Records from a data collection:
━━━━━━━━━━
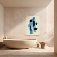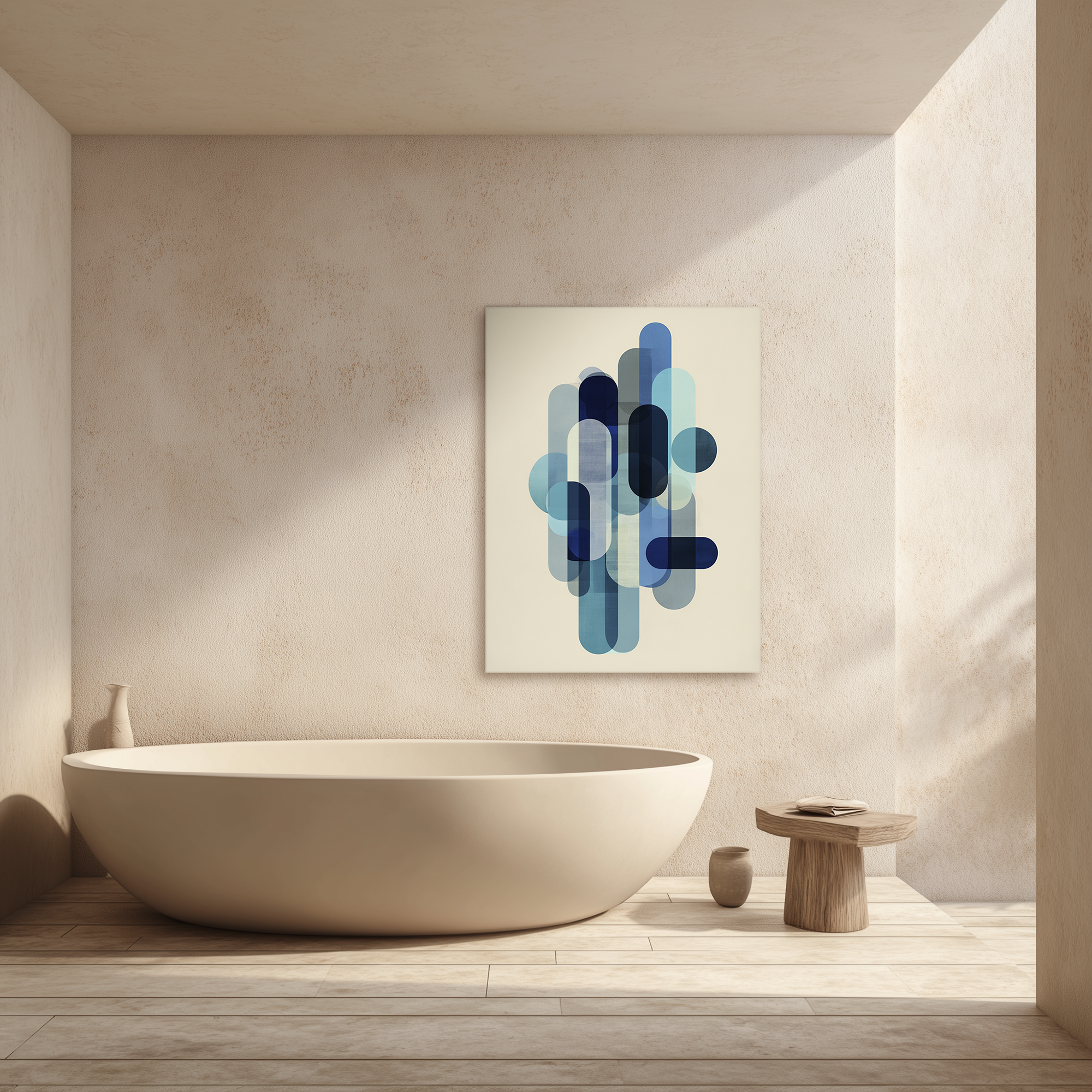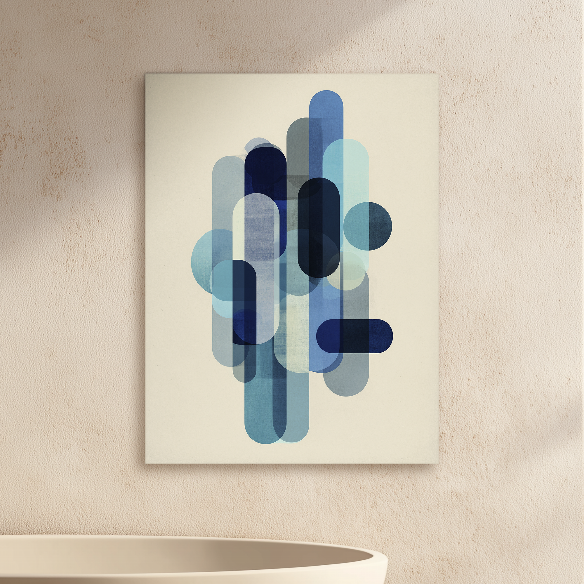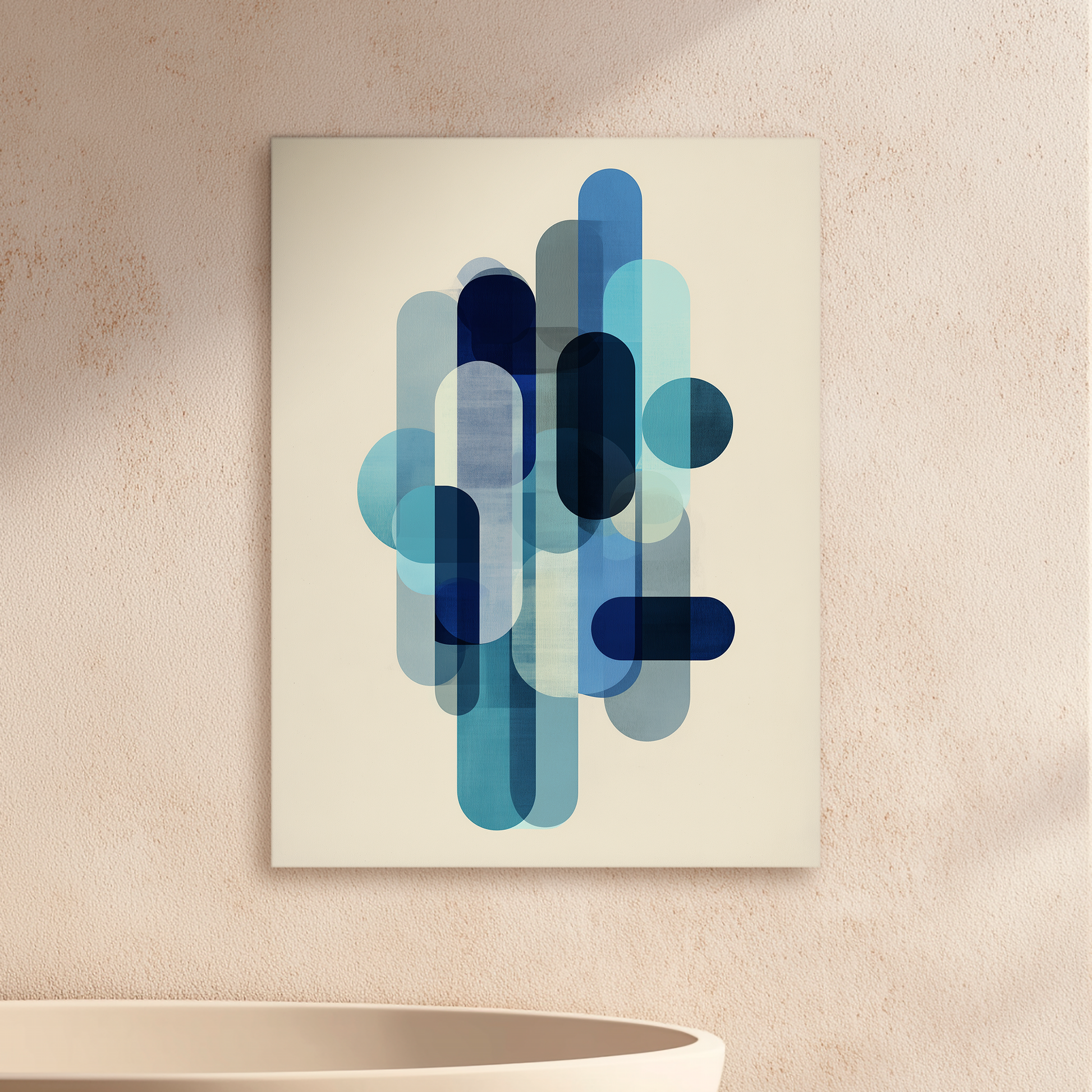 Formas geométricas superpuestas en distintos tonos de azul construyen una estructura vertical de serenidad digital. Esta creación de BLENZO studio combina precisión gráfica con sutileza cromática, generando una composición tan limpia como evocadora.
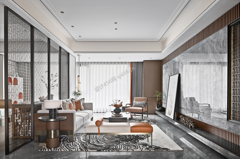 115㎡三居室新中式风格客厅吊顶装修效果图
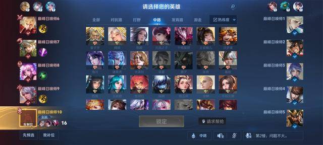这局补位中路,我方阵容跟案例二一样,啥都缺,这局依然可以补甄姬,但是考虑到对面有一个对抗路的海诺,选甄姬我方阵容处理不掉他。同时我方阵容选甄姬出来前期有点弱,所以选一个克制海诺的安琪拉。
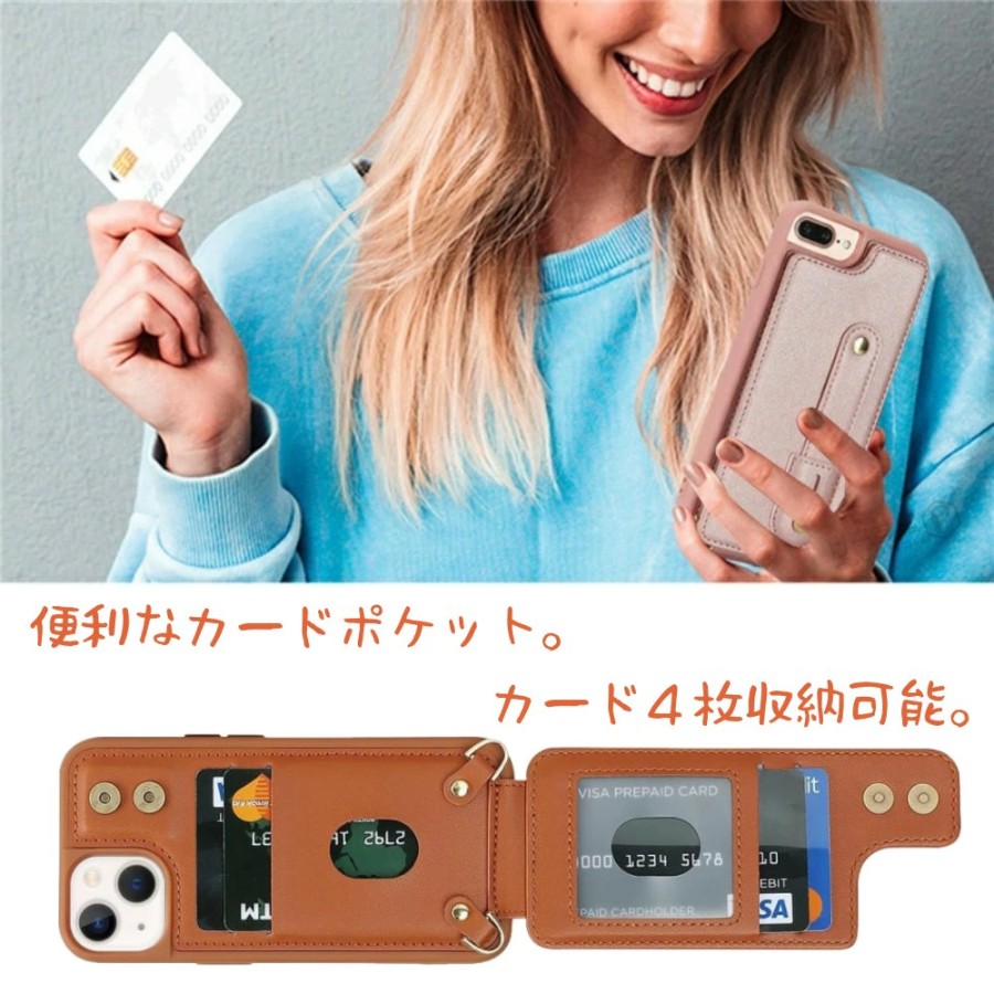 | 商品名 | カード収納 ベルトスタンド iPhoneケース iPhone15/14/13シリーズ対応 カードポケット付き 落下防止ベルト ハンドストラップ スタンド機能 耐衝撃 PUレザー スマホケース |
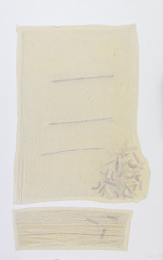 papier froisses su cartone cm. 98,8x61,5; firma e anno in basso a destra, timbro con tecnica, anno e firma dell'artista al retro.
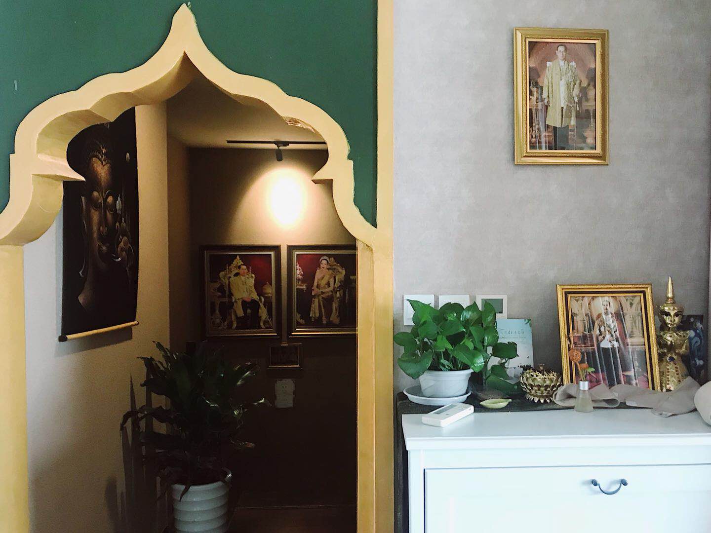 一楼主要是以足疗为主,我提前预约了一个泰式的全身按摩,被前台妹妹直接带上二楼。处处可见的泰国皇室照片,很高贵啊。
━━━━━━━━━━
__AIM OF THE TASK__:
If pictures appear in the data, do not print them; repeat the rest exactly.

__TASK ANSWER__:
 Formas geométricas superpuestas en distintos tonos de azul construyen una estructura vertical de serenidad digital. Esta creación de BLENZO studio combina precisión gráfica con sutileza cromática, generando una composición tan limpia como evocadora.
 115㎡三居室新中式风格客厅吊顶装修效果图
这局补位中路,我方阵容跟案例二一样,啥都缺,这局依然可以补甄姬,但是考虑到对面有一个对抗路的海诺,选甄姬我方阵容处理不掉他。同时我方阵容选甄姬出来前期有点弱,所以选一个克制海诺的安琪拉。
 | 商品名 | カード収納 ベルトスタンド iPhoneケース iPhone15/14/13シリーズ対応 カードポケット付き 落下防止ベルト ハンドストラップ スタンド機能 耐衝撃 PUレザー スマホケース |
 papier froisses su cartone cm. 98,8x61,5; firma e anno in basso a destra, timbro con tecnica, anno e firma dell'artista al retro.
 一楼主要是以足疗为主,我提前预约了一个泰式的全身按摩,被前台妹妹直接带上二楼。处处可见的泰国皇室照片,很高贵啊。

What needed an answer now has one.